カタログの写真が綺麗だから、という理由ではなく、耐病性、地域にあっているか、収穫までの日数(特に北の地方では重要)などもよく調べて決めること。

4.固定種には、入手先によって品質が異なる

毎年採取される種子は、何世代にもわたって受け継がれているものなので、種子の販売ルートによって、かなり違いがみられます。
業者によっては、どの特徴をターゲットにするか、種子を選ぶ基準が違うこともあるのです。

5.翌年の固定種の種子の選別は、今年種子を蒔くところから始まっている。

やっと手に入れた固定種の種子。
親株と同じ株を来年も育てたるためには、ガーデナー、ファーマーの責任もあります。
その地域にうまく順応できる苗を選ぶこともポイント。

・種子をまくときは、大きな粒の種子をまくこと。
・発芽が遅いもの、弱いものは、すぐにはじいていくこと。
・成長段階において、その都度、強いものを選んでいくこと。

6.冒険してみるなら、F1改良種を「解体」して、自分だけの品種を見つける

F1改良種から採取した種子からできたトマトの苗は、親と同じものとは限りません(メンデルの法則です)。でも、それをあえてやってみる、というのも可能です。

改良種から採った種子を翌年、蒔いて、5、と同じ要領で選抜していく。
そうすると、自分がトマトを育てる環境に、一番適応する苗が残っていきます。そしてそれは、あなた自身オリジナルの品種というわけです。

7.土壌の中にいる病原菌からトマトを守るためにできること

最初の一歩は、土壌にいる病原菌に強い品種を選ぶこと。

8.地面をマルチシート(黒いビニール)で覆うことのメリット


ビニールは地温が上がりすぎる、という方には、ワラなどもおすすめだそうです。

・地温を上げてくれる
・雑草の繁殖を抑える
・雨はねで、土にいる病原菌が葉につくのを抑える(地面の近くの葉を取り除くのも役立つ)

9.青枯れ病、胴枯れ病を防ぐ


誰もが避けたいこの病気。
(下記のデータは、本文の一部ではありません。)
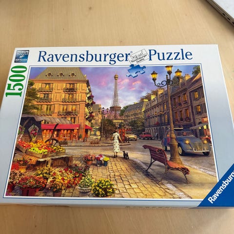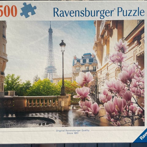 Ravensburger 1500 brikker puslespill med motiv av Eiffeltårnet i Paris. Har bilde av ferdig lagt puslespill hvis ønskelig. Kan hentes eller sende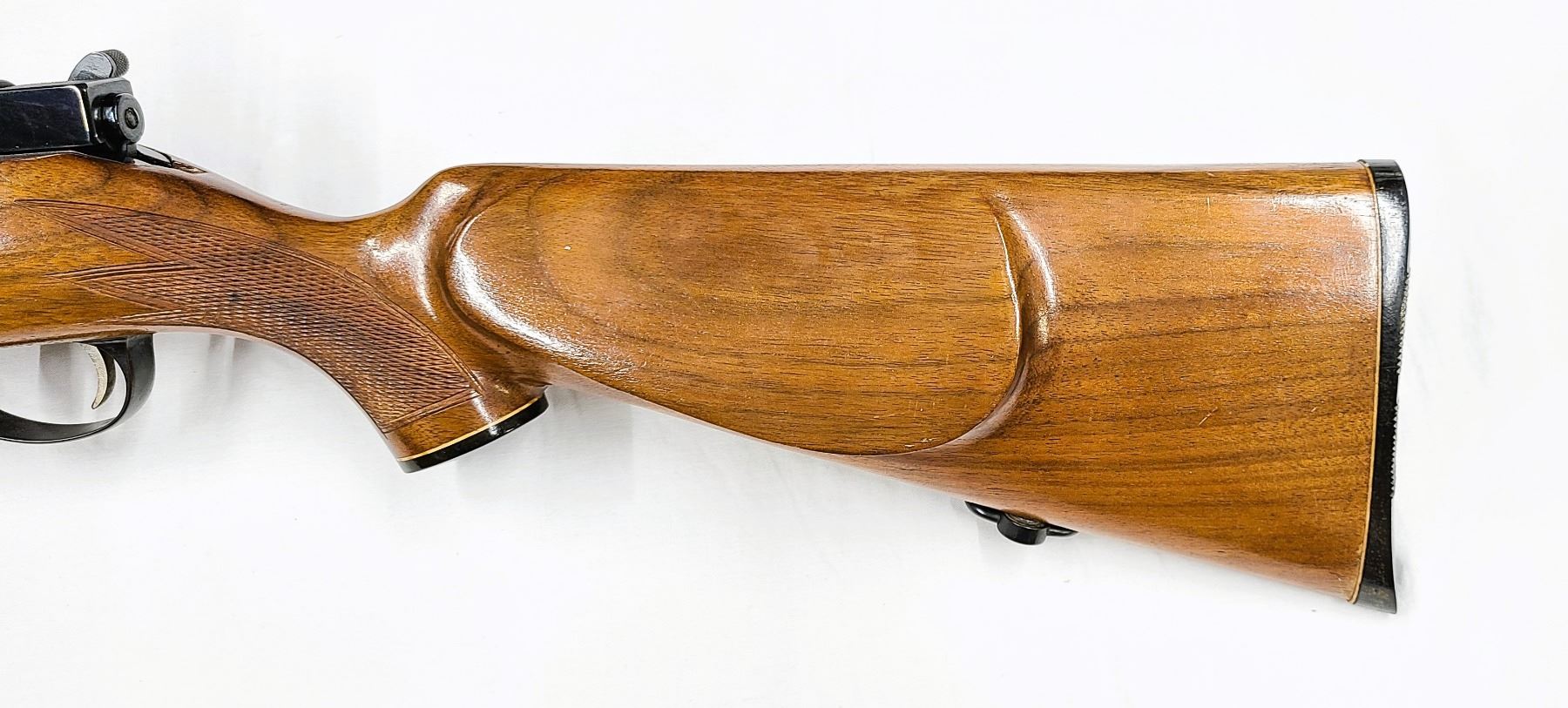 Nice French walnut stock with cheek piece and forearm cap and nice cut checkering.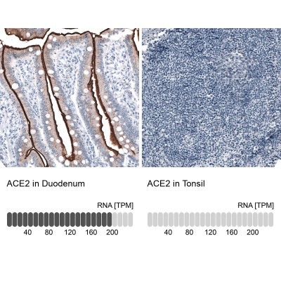 - Immunohistochemistry-Paraffin: ACE-2 Antibody (CL4035) [NBP2-59037] - Staining in human duodenum and tonsil tissues using NBP2-59037 antibody. Corresponding ACE2 RNA-seq data are presented for the same tissues.
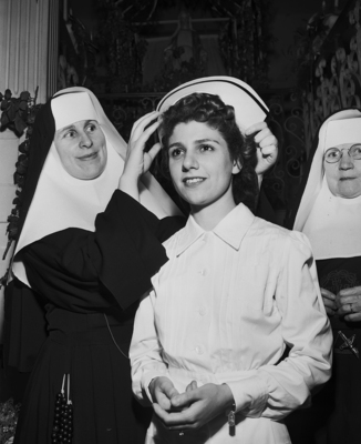 Class President Rita Ippolito of Philadelphia, Pa., broke into the smile she'd been saving three years as Sister Mary Michael placed a graduate's cap on the nursing senior at St. Joseph's Hospital. Published in the Fort Worth Star-Telegram in morning edition, May 5, 1950.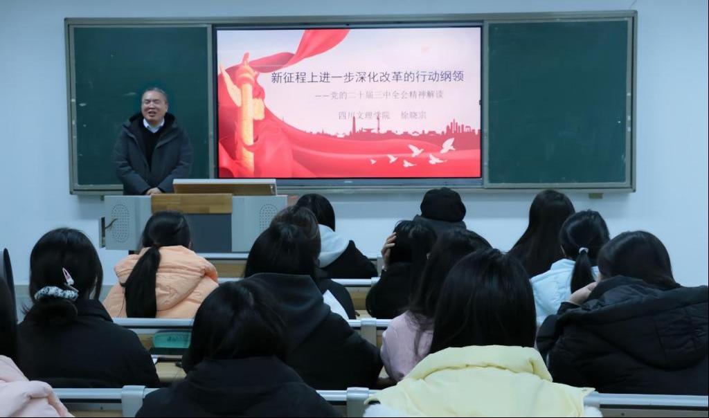 为引导广大师生将思想和行动统一到党的二十届三中全会精神上来,进一步激发青年学生昂扬斗志,勇担时代使命,12月16日,学校党委副书记徐晓宗教授在莲湖东区B110教室,以《新征程上进一步深化改革的行动纲领——党的二十届三中全会精神解读》为题,为政法学院知识产权学院全体辅导员及部分学生讲授形势与政策课

この病原菌はフロリダでは冬越しでき、ある一定の生育条件が重なると病気が発生します。

植物の病原について政府と連結した、コーネル大学のホットライン、青枯れ病調査機関が作成、随時更新する、青枯れ病マップ、などをを利用して、常に情報を得るようにしましょう。

・ジャガイモを育てる人は、できるだけ信頼のおけるところから購入すること(種イモに病原菌がついている場合があります)。収穫後、イモを地中に残さないこと

・トマトの実は、すべて収穫して、地面に残さないようにする

・水やりの時、葉をできるだけ濡らさないように

・ご近所のことも考えて、株の処分などは、その胞子が飛んでいく前に手を打つこと

10.トマトの支柱を立てる時は、風通しを良くするように

支柱のタイプは、3本の支柱を立て、上で束ねるような、しぼむような形よりも、上に向かって広がっていくように、トマトケージ(トマト用に作られた、ワイヤーの支柱。朝顔用の支柱に似ている。上に行くほど輪が広くなっていく)や、フェンスを使うようにして、風通しをよくすることで、湿度が高い状態を防ぐことができます

11.実際のところ、摘心をしない場合は、支柱ではなく、ケージにする。

頂点が伸び続ける品種に支柱を立てる場合には、脇芽を摘み、樹勢を整える必要があります。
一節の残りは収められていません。